In a news report this morning by Times reporter Aubrey Gibavic, Ms. Scott's varied accounts of why she did what she did, how she attempted to communicate news of her actions to her colleagues - by slipping copies of her letter under a door in the Oak Bluffs town hall - how she's worried that the personal services contract might be an attempt to bust the municipal unions add up to nothing but grandstanding and its cousin, balderdash. In particular, the notion that Duncan Ross, the staunchest and most formidable negotiator the Island teachers union ever had and now the chairman of the Oak Bluffs selectmen, would be a party to union busting practices is astonishingly irrational. It must be that she says it, but she doesn't really think it. And that is also the likely explanation for Ms. Scott's insinuation that the outgoing town administrator chose her moment to leave because she knew that the special services contracts were improper. It's nothing better than a sidewinding way to launch an unfounded attack without seeming to.

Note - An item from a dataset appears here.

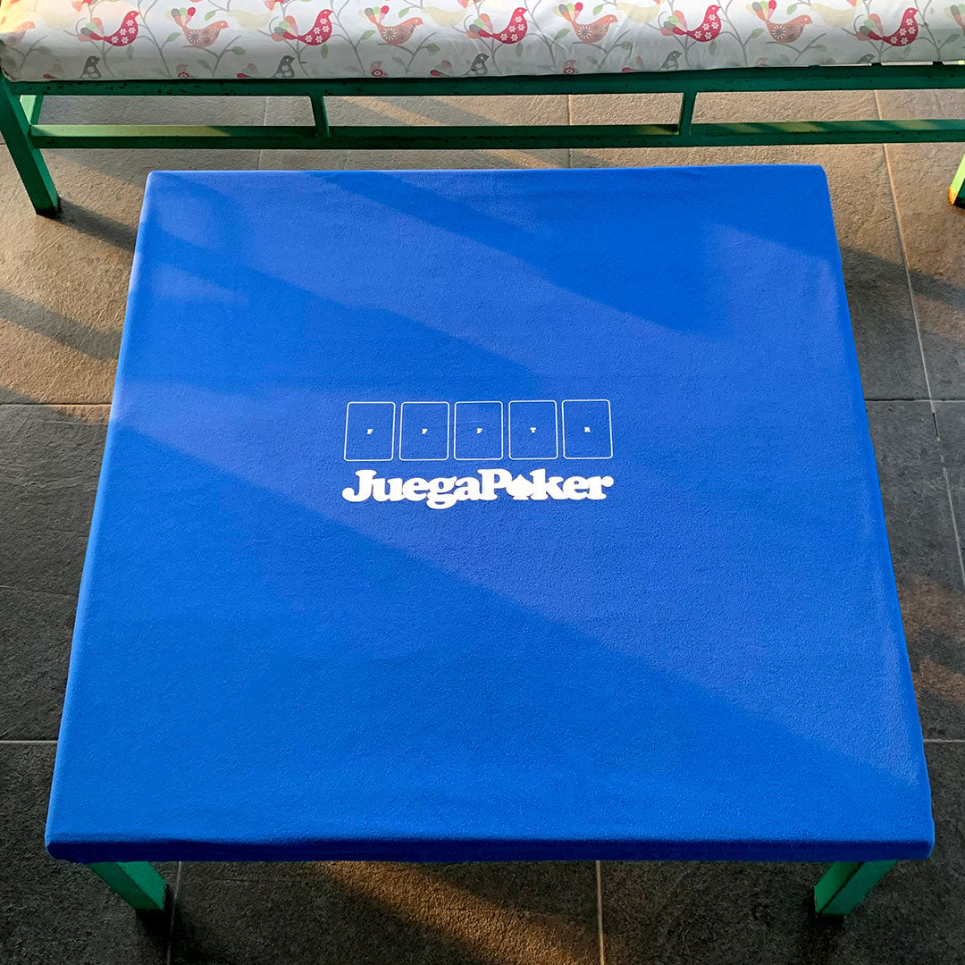 Paño cuadrado para Poker 130 x 130 cms, estampado con los contornos para las rondas de Flop, Turn y River. Un paño único en su clase, ya que puede ‘envolver’ la mesa, gracias a su borde elasticado y dos puntos de tensión que permiten adaptar el paño y estirarlo uniformemente, facilitando así el movimiento de fichas, barajas, dados y otros accesorios. Diseñado para quienes buscan una mejor experiencia de juego en la casa, con amigos o en familia.
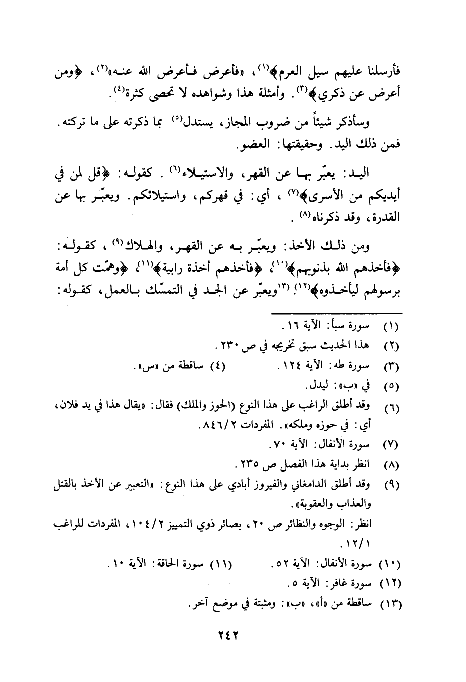 وسأذكر شَيْئا من ضروب الْمجَاز يسْتَدلّ بِمَا ذكرته على مَا تركته فَمن ذَلِك الْيَد وحقيقتها الْعُضْو

Oak Bluffs voters need to pay attention here. Ms. Scott's hard work will lead to two consequences, each deplorable in its own way and both disadvantageous to the interests of town voters and taxpayers. If Ms. Scott is successful, she will hobble the town's government in a net of political battles, all without foundation or purpose, and she will paralyze the leadership so that what is important to voters gets no efficient attention at all.

In the end, the sound and fury will lead to nothing but wasted opportunities, wasted money, and stagnation for Oak Bluffs voters and taxpayers.